In the initial HSS catchment, both economic and geographic inequalities in healthcare coverage (both relative and absolute) were reduced for all ill patients seeking care, as well as U5 specifically (Fig 3). For nearly all other coverage indicators, relative inequalities declined in the initial HSS catchment, while absolute inequalities had mixed results (Fig 3). These results were consistent with the reasons for not seeking care at a health facility reported by individuals of all ages, where geographic and financial barriers were cited progressively less often over time in the initial HSS catchment, but changed little in the rest of the district (S3 Fig).

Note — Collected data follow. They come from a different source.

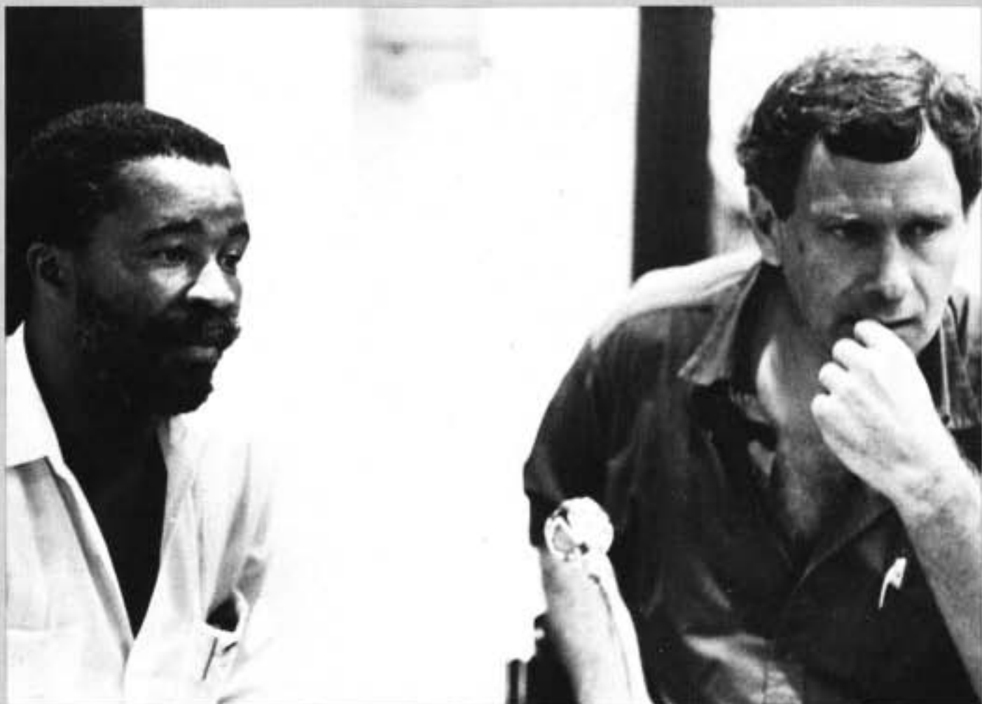
Mr. Thabo Mbeki and Dr. van Zyl Slabbert, the respective leaders of the two delegations.
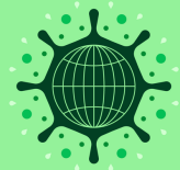
Stop the Spread
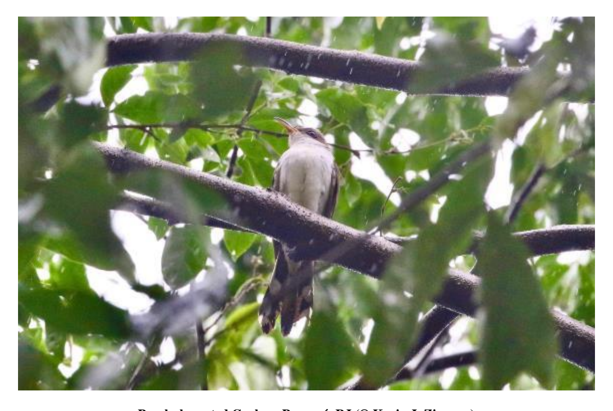
Pearly-breasted Cuckoo, Perequé, RJ

Pearly-breasted Cuckoo ( Coccyzus euleri ) - PE (Very uncommon on our route.)
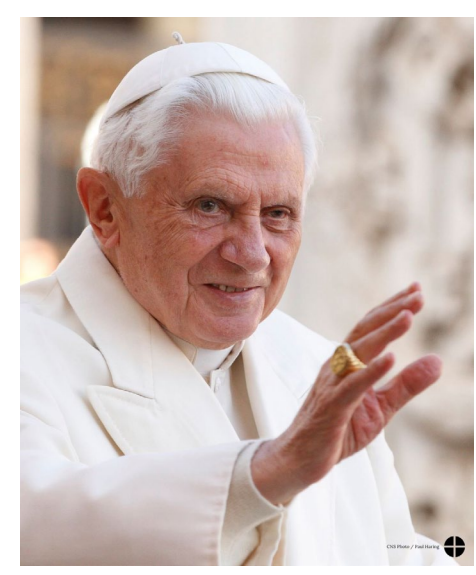
Pope Emeritus Benedict XVI April 16, 1927 - December 31, 2022
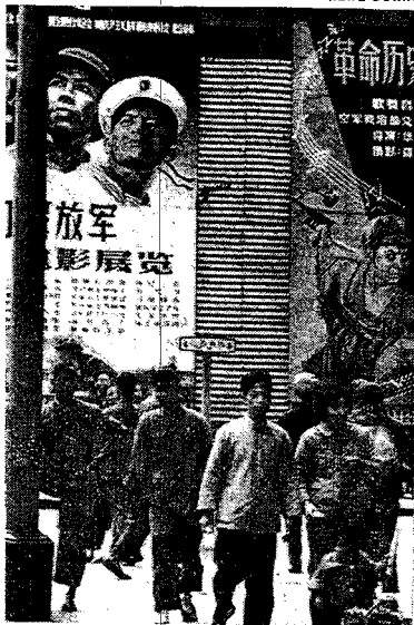
NANKING STREET SCENE

Figure shows the average annual change in relative inequalities (estimated as the relative concentration index) and absolute inequalities (estimated as the slope index of inequality) with respect to geography and wealth. For geographic inequalities, individuals were ranked according to their distance to the nearest health center. For wealth inequalities, individuals were ranked according to their household wealth score. The positive relative results compared to negative absolute results means that wealthier households and those that lived closer to health facilities experienced larger absolute increases in access to care, but poorer households that lived further from health facilities had greater proportional increases. *Data collection for care-seeking behavior for all ages began in 2016.
The role of community health in reducing geographic barriers to care for children under five
Geographic analyses of care-seeking behavior and health system utilization for children under five in the initial HSS catchment revealed an improvement in geographic access to care following the strengthening of the community health program (Fig 4). Survey results showed that, while care-seeking at a public provider (which includes both health facilities and community workers) initially (in 2014) declined with increasing household distance from health facilities, this effect disappeared by 2023 following HSS support, driven by larger improvements in care-seeking among more remote populations (Fig 4). Characterizing primary care consultations by level of care provided further insights into the relative contribution of CHWs and health facilities towards overall healthcare access for different geographic groups. Fig 4 shows that health center utilization declined exponentially as distance from health facilities increased. This distance decay was largely offset by increased CHW utilization along the same distance gradient. As a result, overall health system utilization for children under five remained above 2 consultations per capita-year across nearly all distances from health facilities (except for those further than 15 km, where it ranged from 1.5 to 2 consultations per capita-year). Health center consultations represented nearly 80% of primary care consultations for children under five living within 2.5 km of a health center, but less than 15% of primary care consultations for children living further than 15 km from a health center (Fig 4).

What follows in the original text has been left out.